TASK TO COMPLETE. The whole listing is to be given again without alteration, except that its pictures are dropped.

COLLECTED MATERIAL.
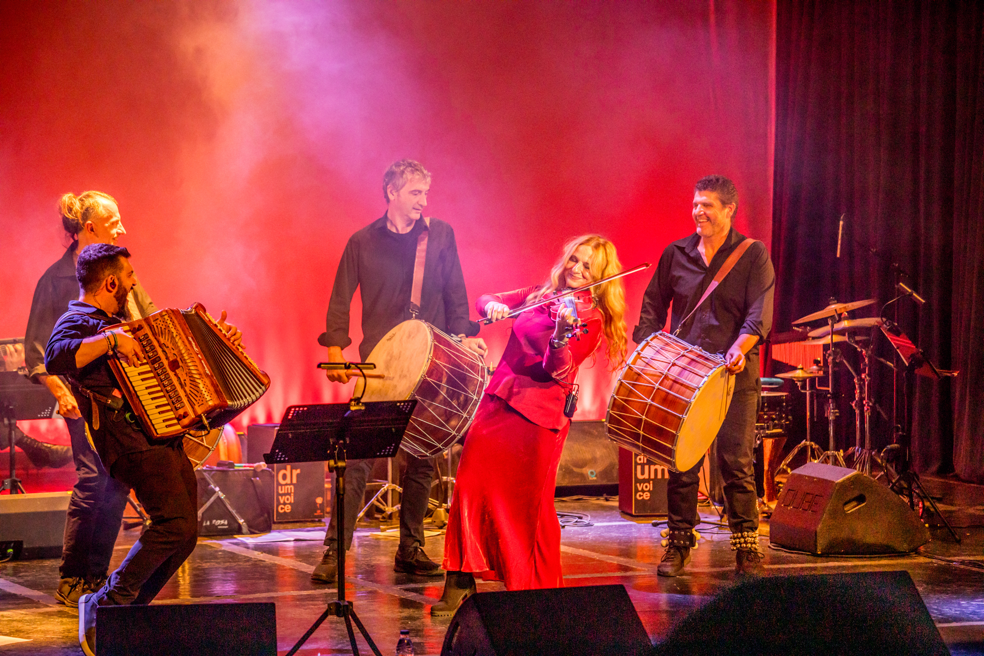 το δοξάρι και το βιολί της, το κόκκινο χρώμα σήμα κατατεθέν της και την κινηματογραφικών αποχρώσεων μουσική της, μας υπόσχεται μια μαγική βραδιά.
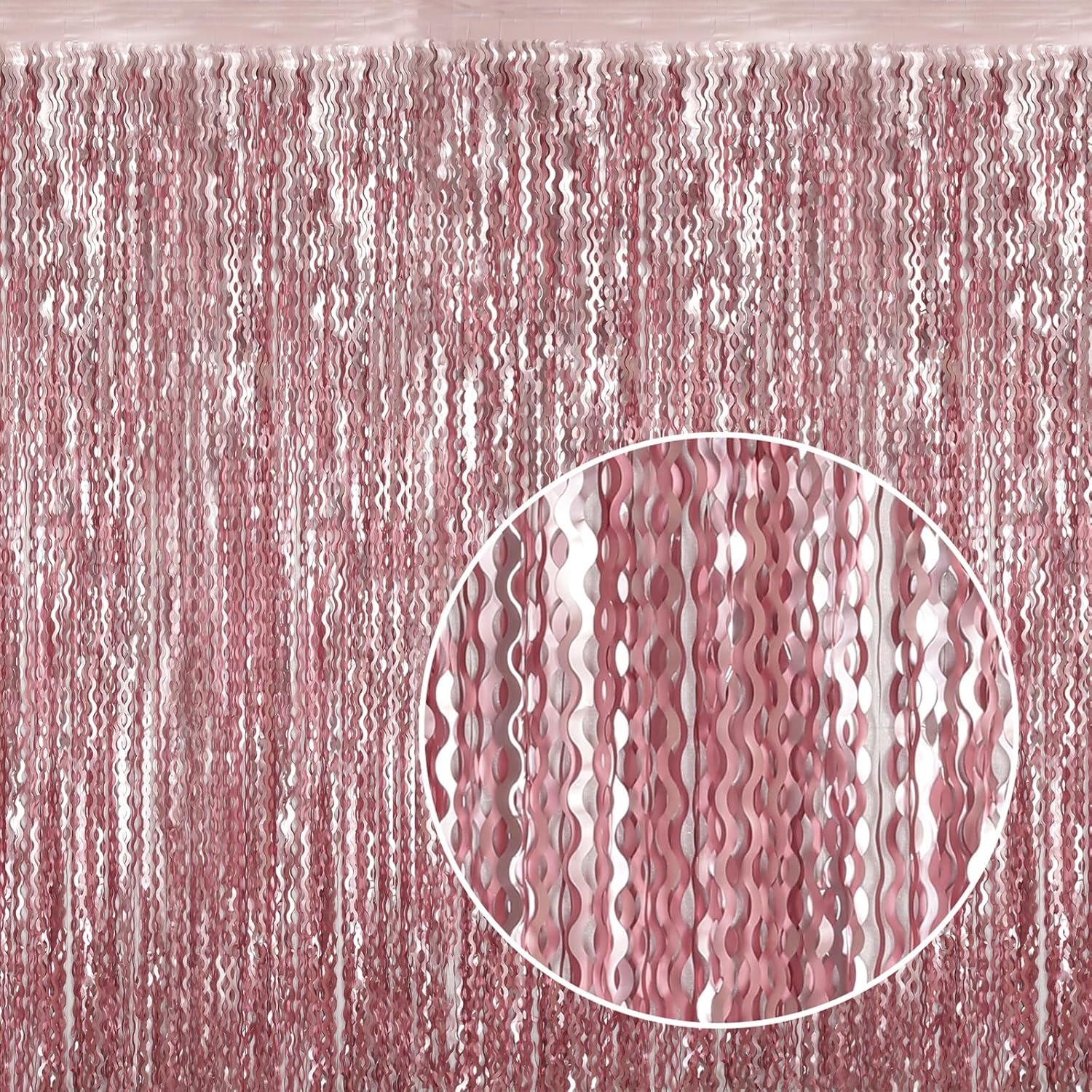 • Wavy Shape and Quality Material: The metallic tinsel backdrop is made of aluminum foil with wavy shape,You can overlap or side by side the light pink fringe backdrop make it more fuller and better look
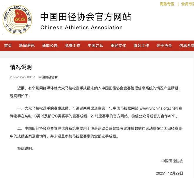 12月29日,中国田径协会发布情况说明,全文如下:

ANSWER BOX.
 το δοξάρι και το βιολί της, το κόκκινο χρώμα σήμα κατατεθέν της και την κινηματογραφικών αποχρώσεων μουσική της, μας υπόσχεται μια μαγική βραδιά.
 • Wavy Shape and Quality Material: The metallic tinsel backdrop is made of aluminum foil with wavy shape,You can overlap or side by side the light pink fringe backdrop make it more fuller and better look
 12月29日,中国田径协会发布情况说明,全文如下:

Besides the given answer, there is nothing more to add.